We introduce a new method (BayesRC) based on BayesR that incorporates prior biological information in the analysis by defining classes of variants likely to be enriched for causal mutations. The information can be derived from a range of sources, including variant annotation, candidate gene lists and known causal variants. This information is then incorporated objectively in the analysis based on evidence of enrichment in the data. We demonstrate the increased power of BayesRC compared to BayesR using real dairy cattle genotypes with simulated phenotypes. The genotypes were imputed whole-genome sequence variants in coding regions combined with dense SNP markers. BayesRC increased the power to detect causal variants and increased the accuracy of genomic prediction. The relative improvement for genomic prediction was most apparent in validation populations that were not closely related to the reference population. We also applied BayesRC to real milk production phenotypes in dairy cattle using independent biological priors from gene expression analyses. Although current biological knowledge of which genes and variants affect milk production is still very incomplete, our results suggest that the new BayesRC method was equal to or more powerful than BayesR for detecting candidate causal variants and for genomic prediction of milk traits.

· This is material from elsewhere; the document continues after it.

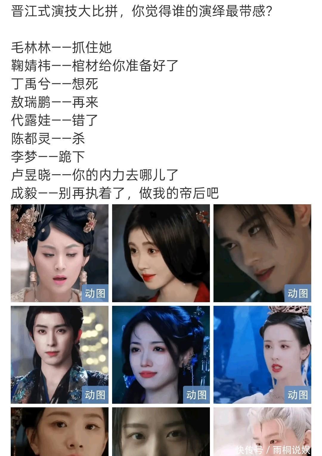 你觉得内娱哪位演员的表演也可以被提名“晋江式演技”呢?一起在评论区畅所欲言吧。

BayesRC provides a novel and flexible approach to simultaneously improving the accuracy of QTL discovery and genomic prediction by taking advantage of prior biological knowledge. Approaches such as BayesRC will become increasing useful as biological knowledge accumulates regarding functional regions of the genome for a range of traits and species.

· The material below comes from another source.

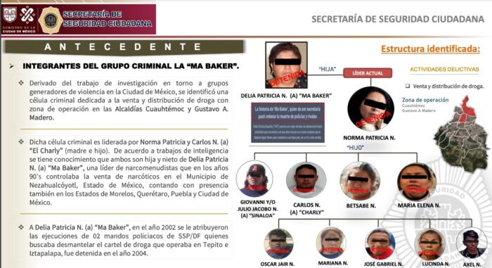 El Secretario de Seguridad Ciudadana (SSC), Omar García Harfuch, explicó que esta célula criminal estaba encabezada por Norma Patricia, hija de “Ma Baker”, y Carlos “N”, alias “Charly”, hijo de Norma Patricia y nieto de “Ma Baker”, los cuales dirigían las operaciones de ese grupo criminal en las alcaldías Cuauhtémoc y Gustavo A. Madero.
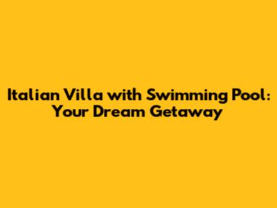 Italian Villa With Pool: Your Dream Getaway

密集的单核苷酸多态性(SNP)基因型常与复杂性状表型相结合,以定位因果变异、研究遗传结构,并为有基因型但无表型的个体提供基因组预测。一种在贝叶斯混合模型(BayesR)中联合拟合所有基因型的单一分析方法已被证明能同时有效地实现所有这三个目标。然而,BayesR和其他类似方法忽略了先验生物学知识,并假设所有基因型影响性状的可能性相同。虽然这一假设对于SNP阵列基因型是合理的,但对于应包含因果变异的全基因组序列变异来说就不那么合理了。
我们基于BayesR引入了一种新方法(BayesRC),该方法通过定义可能富含因果突变的变异类别,在分析中纳入先验生物学信息。该信息可以从一系列来源获得,包括变异注释、候选基因列表和已知因果变异。然后,基于数据中富集的证据,将该信息客观地纳入分析。我们使用具有模拟表型的真实奶牛基因型,证明了BayesRC与BayesR相比具有更强的功效。这些基因型是编码区的推算全基因组序列变异与密集SNP标记的组合。BayesRC提高了检测因果变异的能力,并提高了基因组预测的准确性。基因组预测的相对改进在与参考群体关系不密切的验证群体中最为明显。我们还使用来自基因表达分析的独立生物学先验信息,将BayesRC应用于奶牛的实际产奶表型。尽管目前关于哪些基因和变异影响产奶的生物学知识仍然非常不完整,但我们的结果表明,新的BayesRC方法在检测候选因果变异和产奶性状的基因组预测方面与BayesR相当或更强大。
BayesRC提供了一种新颖且灵活的方法,通过利用先验生物学知识,同时提高数量性状位点(QTL)发现和基因组预测的准确性。随着关于一系列性状和物种的基因组功能区域的生物学知识不断积累,诸如BayesRC这样的方法将变得越来越有用。